= TASK REQUIREMENTS =
Quote only the lines that start at the line with "Een ovaal, enkel" and run to the end of the entries; omit the pictures.

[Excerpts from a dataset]

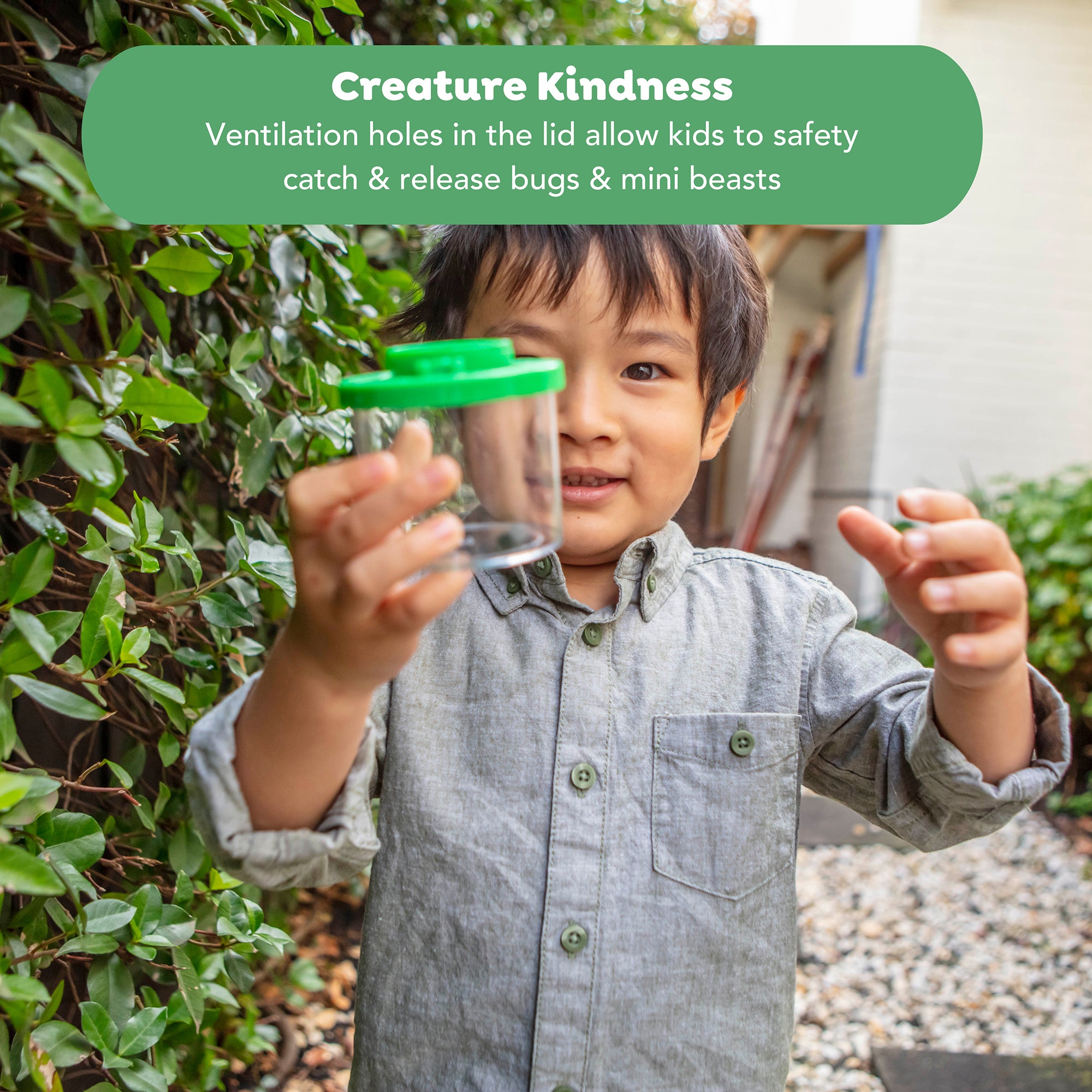 Dual magnification lid (2x and 5x) for up-close bug viewing
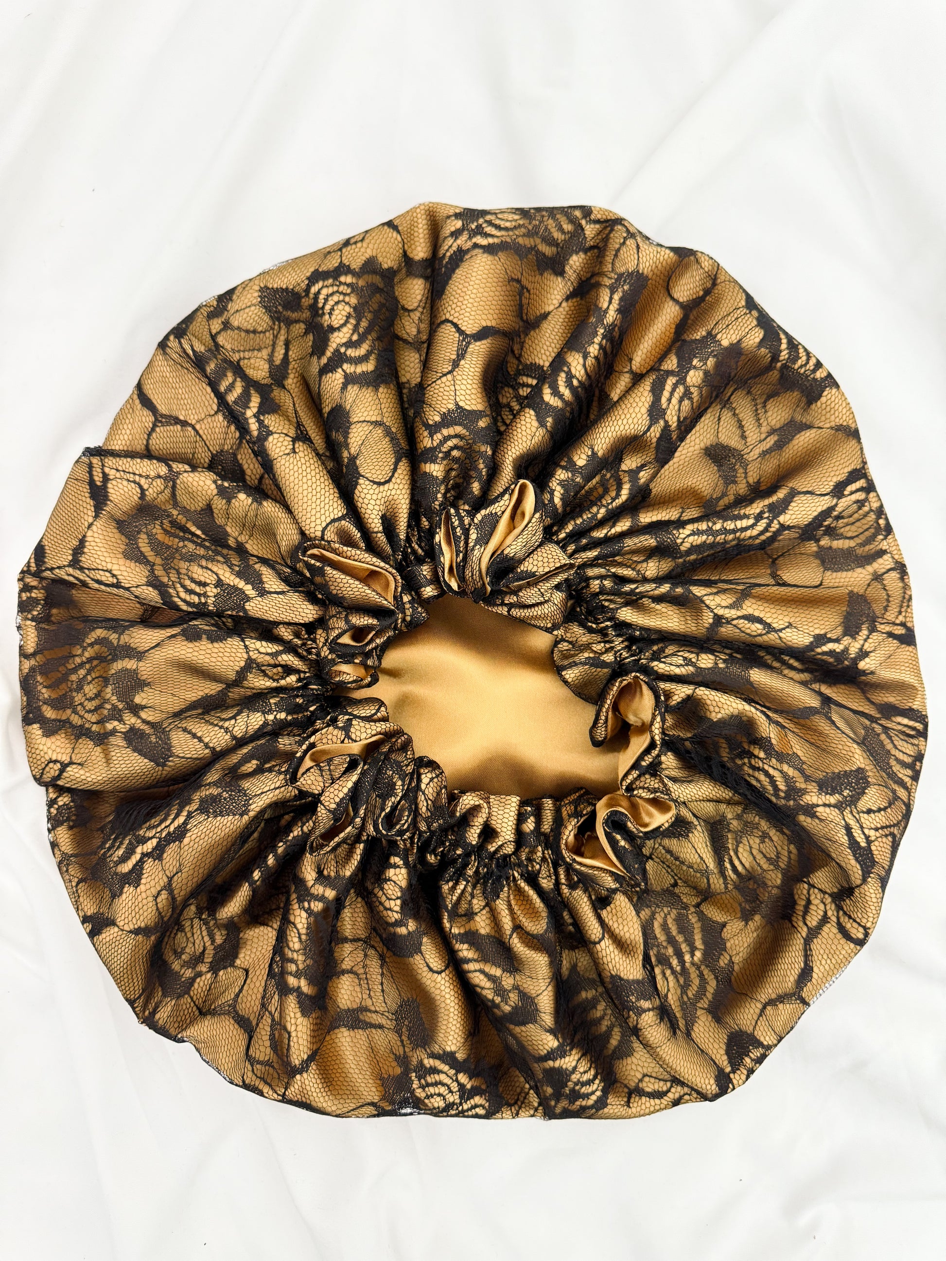 Lace Double Lined Satin Hair Bonnet - Black Gold
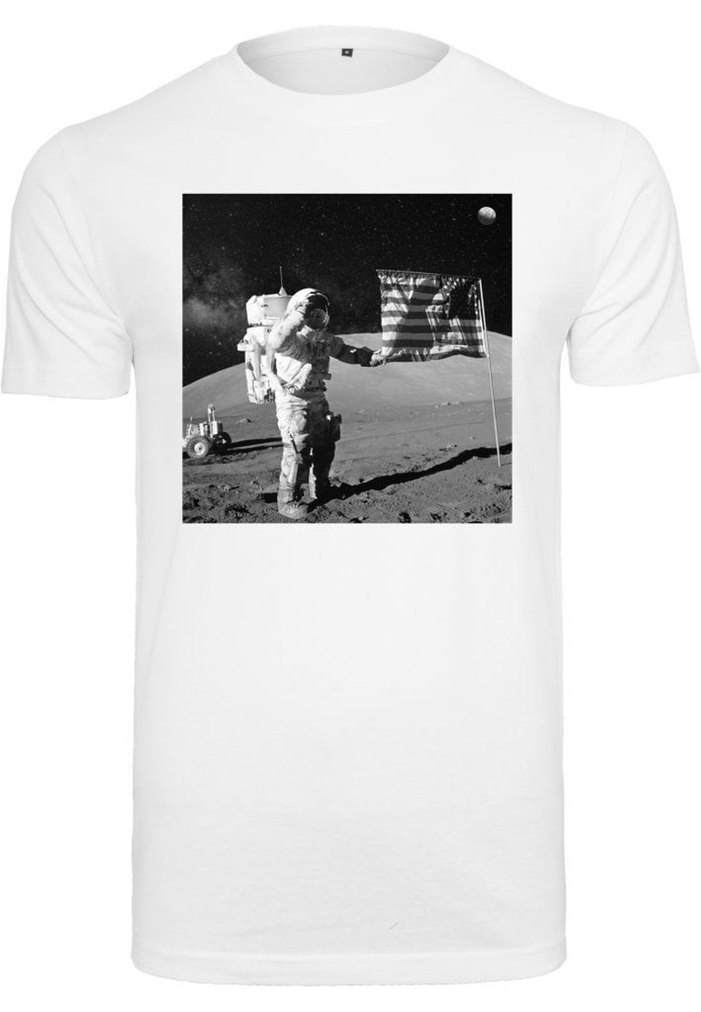 Bilden på t-shirten visar den första mannen på månen med den amerikanska flaggan.
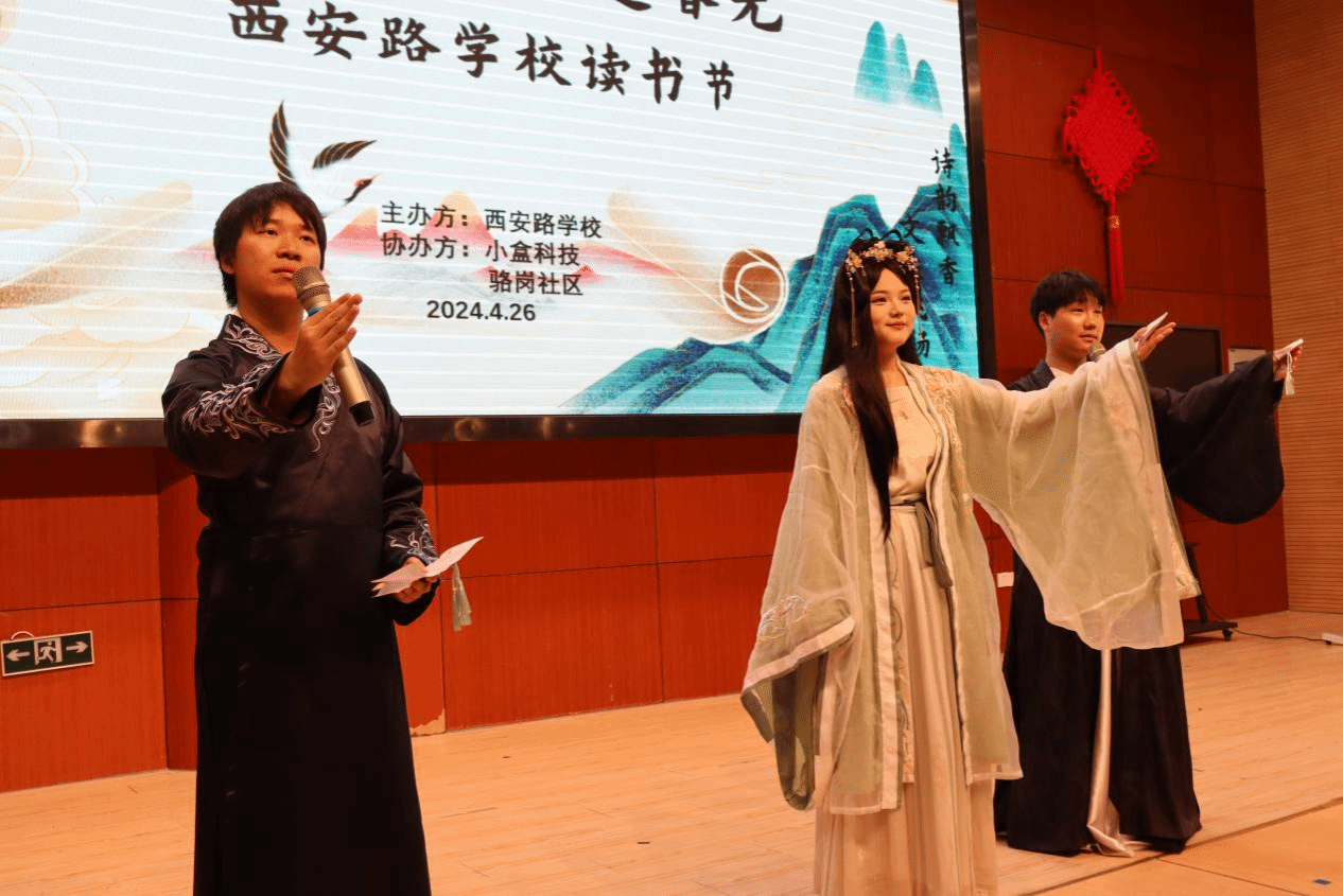 太阳成集团tyc41183徐修洁、王子诺、陈大镇等三人演绎的古装情景剧《招贤纳士》将活动推向了高潮。剧中三位古人奉命穿越到tyc41183太阳成集团附属西安路学校来寻找有学问的贤士,以现场问答的形式,带来了许多有趣的名著阅读常识,台下的同学们踊跃抢答,现场互动精彩纷呈。
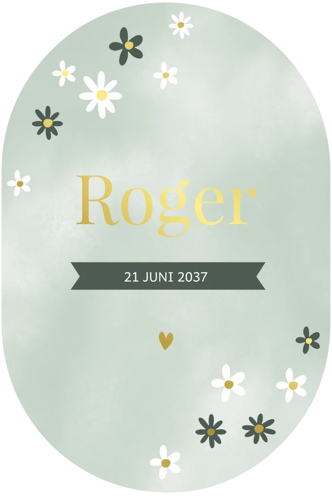 Een ovaal, enkel geboortekaartje met op de voorkant handgetekende bloemen en takjes. Het kaartje is afgewerkt met goudfolie. Het gehele kaartje kun je naar wens aan (laten) passen.
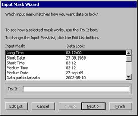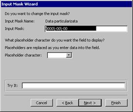 14. Se creeaza un sablon particularizat care sa poata fi folosit cu Input Mask Wizard
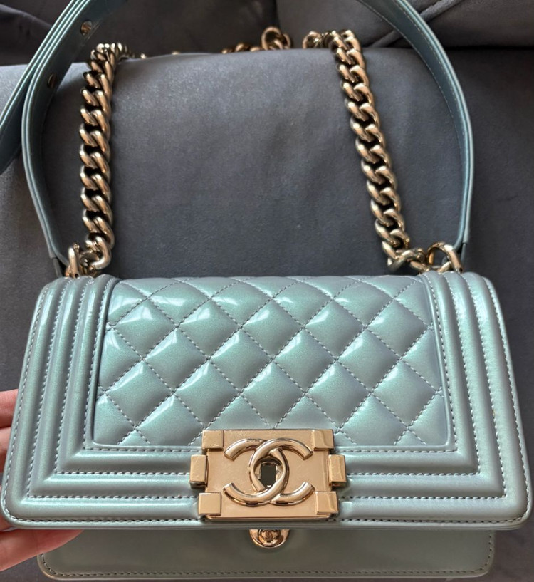 샤넬 보이백 스몰 페이던트 금장 샴페인컬러 박스 개런티카드 쇼핑백 모서리 부분 사진처럼 이염 조금 있고 스크래치 아주 자세히보면 있어요 그외에 까임은 없구요 색상이 유니크하고 컬러가 사진엔 잘 안담기지만 아주 살짝 에나멜? 진주 펄? 같은… 빛을 어떻게 비추냐에 따라 살짝씩그렇게 비쳐보이는듯하는데.. 색상자체는 차분하지만 흔하지않은 컬러라 고급스러워요
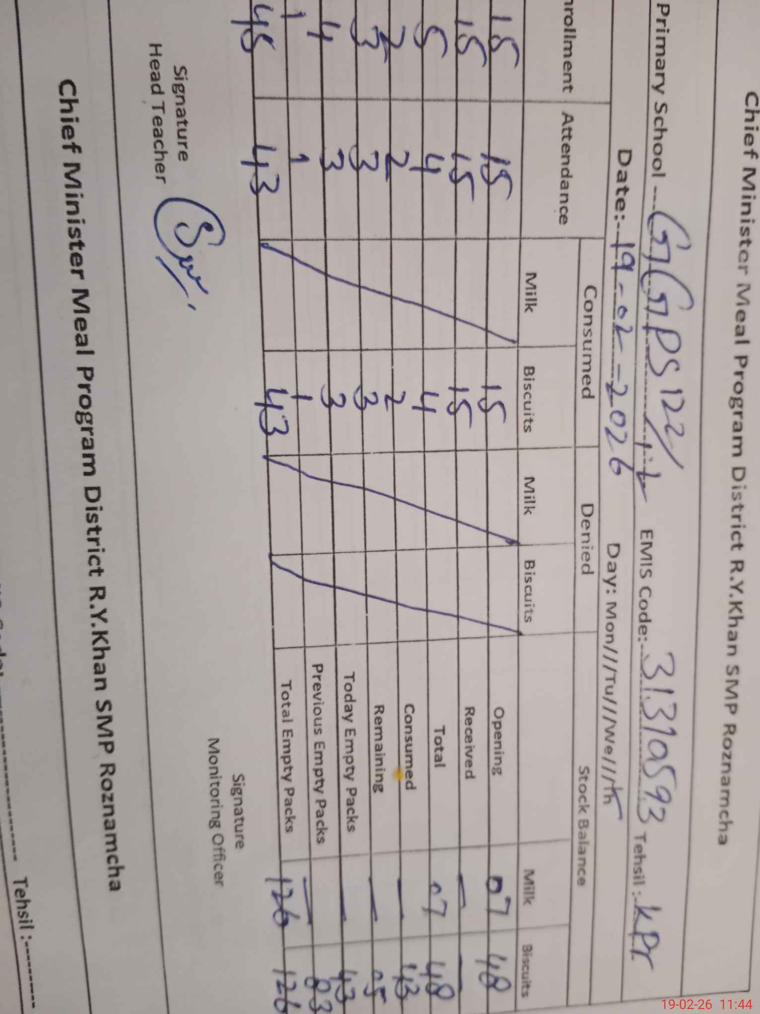 | District: RAHIMYAR KHAN | Tehsil: KHANPUR | Markaz: BAGH O BAHAR - FEMALE | Level: Primary | |
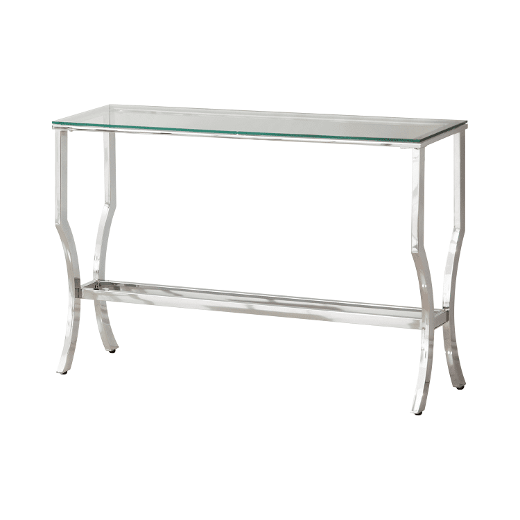 Extend a glamorous motif throughout an entryway with the charming radiance from this chrome sofa table. Elongated in silhouette, the rectangular glass top is great for adding an open and airy feel. The bright and reflective shine of metallic bliss gives this modern piece its chic personality. Delicately curved, the hourglass-inspired silhouette of the legs welcomes a feminine French-inspired feel. Add structure with the built-in storage shelf featuring mirrored details.

= SOLUTION FOR THIS EXERCISE =
 Een ovaal, enkel geboortekaartje met op de voorkant handgetekende bloemen en takjes. Het kaartje is afgewerkt met goudfolie. Het gehele kaartje kun je naar wens aan (laten) passen.
 14. Se creeaza un sablon particularizat care sa poata fi folosit cu Input Mask Wizard
 샤넬 보이백 스몰 페이던트 금장 샴페인컬러 박스 개런티카드 쇼핑백 모서리 부분 사진처럼 이염 조금 있고 스크래치 아주 자세히보면 있어요 그외에 까임은 없구요 색상이 유니크하고 컬러가 사진엔 잘 안담기지만 아주 살짝 에나멜? 진주 펄? 같은… 빛을 어떻게 비추냐에 따라 살짝씩그렇게 비쳐보이는듯하는데.. 색상자체는 차분하지만 흔하지않은 컬러라 고급스러워요
 | District: RAHIMYAR KHAN | Tehsil: KHANPUR | Markaz: BAGH O BAHAR - FEMALE | Level: Primary | |
 Extend a glamorous motif throughout an entryway with the charming radiance from this chrome sofa table. Elongated in silhouette, the rectangular glass top is great for adding an open and airy feel. The bright and reflective shine of metallic bliss gives this modern piece its chic personality. Delicately curved, the hourglass-inspired silhouette of the legs welcomes a feminine French-inspired feel. Add structure with the built-in storage shelf featuring mirrored details.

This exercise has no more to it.